Board members Dr. J. Lewis Webb, Jr. and Drema McMahon voted against the display, citing the cost of litigation and the likelihood that the board’s action would be struck down in court as reasons for their dissenting votes. McMahon said, “Outside interests have threatened to take legal action.” She added, “We do not have the money to fight this battle to the Supreme Court. We have had no raises for any Giles County teacher in four years. It would cost an estimated $350,000 at least to fight this.” Webb pointed out that the “issue has been overturned many times by the Supreme Court.” He also said, “I find people are asking schools to do more and more to raise their children.”
On May 20, 2011, the school board recessed rather than voting on whether or not to restore the biblical text in order to consider the current proposal. A four-foot-tall copy of the Ten Commandments was first hung on the walls of Giles County Schools more than a decade ago following the Columbine school shooting. The controversy over the display began in December 2010 when school officials took down the copy of the Ten Commandments, replacing them with a copy of the Declaration of Independence, following citizen complains.

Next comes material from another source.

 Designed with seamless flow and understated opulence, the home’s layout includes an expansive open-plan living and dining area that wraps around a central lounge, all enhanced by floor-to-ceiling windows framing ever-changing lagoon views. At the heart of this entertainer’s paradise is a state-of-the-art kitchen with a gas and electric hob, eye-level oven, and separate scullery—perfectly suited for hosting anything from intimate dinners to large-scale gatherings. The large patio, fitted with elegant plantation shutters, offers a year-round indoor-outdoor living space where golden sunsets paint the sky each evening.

Both the American Civil Liberties Union and the Wisconsin-based Freedom From Religion organization threatened legal action against the school system if the biblical texts were restored, stating that putting up the commandments was an unconstitutional government endorsement of Christianity. The Liberty Counsel, a non-profit Orlando, Fla.-based organization, has offered to support Giles County School Board if litigation results from the display. ACLU legal director Kent Willis said that, based on his understanding of the decision, reposting the documents would violate the Constitution’s separation of church and state doctrine. He also indicated that the ACLU plans to move forward with plans to litigate. The U.S. Supreme Court has previously ruled it unconstitutional for public schools to display the Ten Commandments.
Source: Bluefield Daily Telegraph, 6/8/11, By Kate Coil
[Editor’s Note: In February 2011, the Washington Post reported that Giles County’s long standing practice of posting a copy of the Ten Commandments in its public schools was being challenged by the ACLU and the FFRF. School district officials contended that the display was constitutional because the commandments are a historical document, included as part of a monument to the principles, some of them religious, on which the country was founded. A summary of the article is available at the first link below.

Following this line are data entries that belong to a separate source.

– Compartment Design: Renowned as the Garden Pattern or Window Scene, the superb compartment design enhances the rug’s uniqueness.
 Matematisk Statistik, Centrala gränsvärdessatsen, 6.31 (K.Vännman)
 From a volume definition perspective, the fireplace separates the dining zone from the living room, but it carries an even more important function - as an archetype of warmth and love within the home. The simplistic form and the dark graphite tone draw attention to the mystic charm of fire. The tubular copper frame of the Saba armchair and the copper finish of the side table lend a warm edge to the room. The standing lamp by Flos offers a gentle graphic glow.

In June 2005, the U.S. Supreme Court issued two decisions on the question of Ten Commandments displays on government property.
In Van Orden v. Perry, the Court ruled that a Ten Commandments display on the grounds of the Texas state capitol did not violate the establishment Clause. The Court’s plurality opinion, while conceding that the Commandments convey a religious message, argued that the context in which the they are used demonstrates that the display also conveys a secular moral message about proper standards of social conduct and a message about the historical significance of those standards and the law. A summary of the opinion is available at the second link below.

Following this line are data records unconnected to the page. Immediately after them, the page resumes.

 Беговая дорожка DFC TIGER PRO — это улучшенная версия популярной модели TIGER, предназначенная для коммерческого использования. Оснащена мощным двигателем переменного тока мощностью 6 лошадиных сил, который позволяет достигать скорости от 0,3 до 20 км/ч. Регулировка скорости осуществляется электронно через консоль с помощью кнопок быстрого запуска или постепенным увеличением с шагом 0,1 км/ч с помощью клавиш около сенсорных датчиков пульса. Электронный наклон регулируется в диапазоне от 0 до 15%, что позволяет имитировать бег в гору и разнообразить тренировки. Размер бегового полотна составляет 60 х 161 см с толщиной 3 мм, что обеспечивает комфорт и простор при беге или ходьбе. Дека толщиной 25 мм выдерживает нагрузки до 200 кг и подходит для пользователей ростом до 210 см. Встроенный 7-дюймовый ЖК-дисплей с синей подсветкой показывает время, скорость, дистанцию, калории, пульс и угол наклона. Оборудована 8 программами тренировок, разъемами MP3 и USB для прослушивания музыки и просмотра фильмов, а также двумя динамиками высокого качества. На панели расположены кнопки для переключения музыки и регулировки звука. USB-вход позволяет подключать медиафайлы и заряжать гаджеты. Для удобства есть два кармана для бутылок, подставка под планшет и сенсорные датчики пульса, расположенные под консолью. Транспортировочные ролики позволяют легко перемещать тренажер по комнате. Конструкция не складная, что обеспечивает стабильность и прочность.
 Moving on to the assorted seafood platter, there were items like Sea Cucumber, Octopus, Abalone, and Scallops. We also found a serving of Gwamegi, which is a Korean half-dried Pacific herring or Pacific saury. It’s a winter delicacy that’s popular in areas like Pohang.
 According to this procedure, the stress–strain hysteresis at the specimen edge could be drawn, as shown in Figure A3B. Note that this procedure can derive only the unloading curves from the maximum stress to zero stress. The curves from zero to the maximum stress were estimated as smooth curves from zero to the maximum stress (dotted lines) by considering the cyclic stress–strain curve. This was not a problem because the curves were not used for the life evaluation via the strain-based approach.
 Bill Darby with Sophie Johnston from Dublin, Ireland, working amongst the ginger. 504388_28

In McCreary County v. ACLU of Kentucky, on the other hand, the Court ruled that two courthouse displays of the Ten Commandments violate the Establishment Clause. At no stage of the litigation or prior to it, the Court concluded, had the counties taken a course of action that would survive the secular purpose prong of the Establishment Clause test laid out in Lemon v. Kurtzman, 403 U.S. 601 (1971). Rather, each successive change reinforced the dominant religious nature of the displays. The Court found that the counties’ displays shared many similarities with the classroom Ten Commandments display invalidated in Stone v. Graham, 449 U.S. 39 (1980). A summary of the opinion is available at the third link below.
Stone is the case referred to by the Bluefield Daily Telegraph.]